Esempio di Applicazione

Istituto Tecnico con 1500 alunni, 100 docenti, 10 assistenti tecnici. Ci sono all’incirca 5 laboratori con 40 computer per ognuno. Spesso la soluzione più rapida è creare due utenti, uno riservato ai tecnici e con privilegi d’amministratore e un altro standard per alunni e docenti. Vi posso assicurare che si crea una confusione assurda. L’account destinato all’utenza finale sarà pieno di dati dei vari utenti. Privacy e sicurezza a livelli terribili.

Soluzione? Acquistare un piccolo server che condivide i dati di accesso di ogni singolo studente, di ogni singolo docente e di ogni singolo assistente tecnico. Ognuno potrà accedere con il proprio account, avere un suo spazio sul PC ed anche uno sul server. Questo per evitare di dover salvare i dati su un computer locale e poi doverli ogni volta trasferire se si cambia.

In genere gli studenti non hanno postazioni fisse. Nessun problema i dati saranno su un’unità virtuale che non è altro che uno spazio dedicato ad un server.

Requisiti

Ovviamente, questo richiede:

  • Server con licenza Windows Server;
  • Tecnico che registra utenze, PC, gestisce i dati (backup, unità di memorizzazione, etc);
  • Una buona rete;
  • Computer con licenze Windows Professional.

Ecco perché è sconsigliato in piccole imprese o nei casi in cui gli utenti sono ristretti, a causa dei costi e della complessità della struttura che si viene a creare. E’ invece necessario nelle grandi aziende, nelle scuole e in qualsiasi ambito ogni utente abbia necessità di avere rapido accesso alle risorse ovunque egli si trovi. Risorse che potranno essere pubbliche o private.

E’ chiaro che poi, il dominio Active Directory si potrà articolare in domini più ristretti alle varie categorie di utenti. Questo permetterà loro di accedere solo a ciò per cui sono autorizzati, da computer a loro autorizzati ed, anche, in orari ben definiti.

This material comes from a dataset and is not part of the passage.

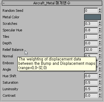 각 실체 텍스처에는 해당 매개변수 세트가 있습니다. 일부 매개변수는 임의 시드와 같이 대부분의 텍스처에 공통됩니다. 대부분의 매개변수는 위 그림과 같이 툴팁으로 이름과 간단한 설명을 제공합니다. 특별히 지정되지 않는 한 대부분의 매개변수에 대해 사용 가능한 값의 범위는 0.0 – 1.0입니다.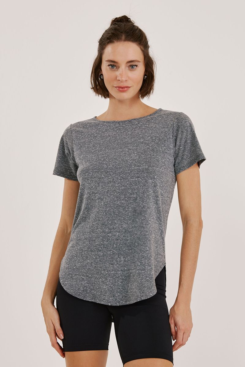em malha reciclada. Este tecido sustentável utiliza matéria-prima que seria descartada, sem necessidade de água, corantes ou produtos químicos em sua produção. Modelo alongado, com decote redondo, mangas curtas e barra arredondada na frente e nas costas.

Si possono anche impedire determinate azioni e persino programmi. Le utenze dovranno essere registrate costantemente da un tecnico, che dovrà anche saper mettere mani sui diritti d’accesso per evitare seri problemi di sicurezza o disservizi all’interno dell’azienda.

Schermata di gestione utente in un controller di dominio AD.

Insomma, è una scelta che un buon progettista di rete deve assolutamente prendere in considerazione.

Struttura di un dominio AD

Gli oggetti

Gli oggetti possono essere divisi in tre ampie categorie: le risorse (es.: stampanti), i servizi (es: email) e gli utenti (account utente e gruppi). AD fornisce informazioni sugli oggetti, li organizza, controlla l’accesso e ne imposta la sicurezza. Ciascun oggetto rappresenta una singola entità – magari un utente, un computer, una stampante oppure un gruppo – e i suoi attributi.

I siti

Un oggetto Sito in Active Directory rappresenta una locazione geografica fisica che ospita reti. I Siti contengono oggetti detti Sottoreti.

Domini, alberi e foreste

La struttura di Active Directory (AD) può essere suddivisa logicamente in tre diverse entità: i domini, gli alberi e le foreste.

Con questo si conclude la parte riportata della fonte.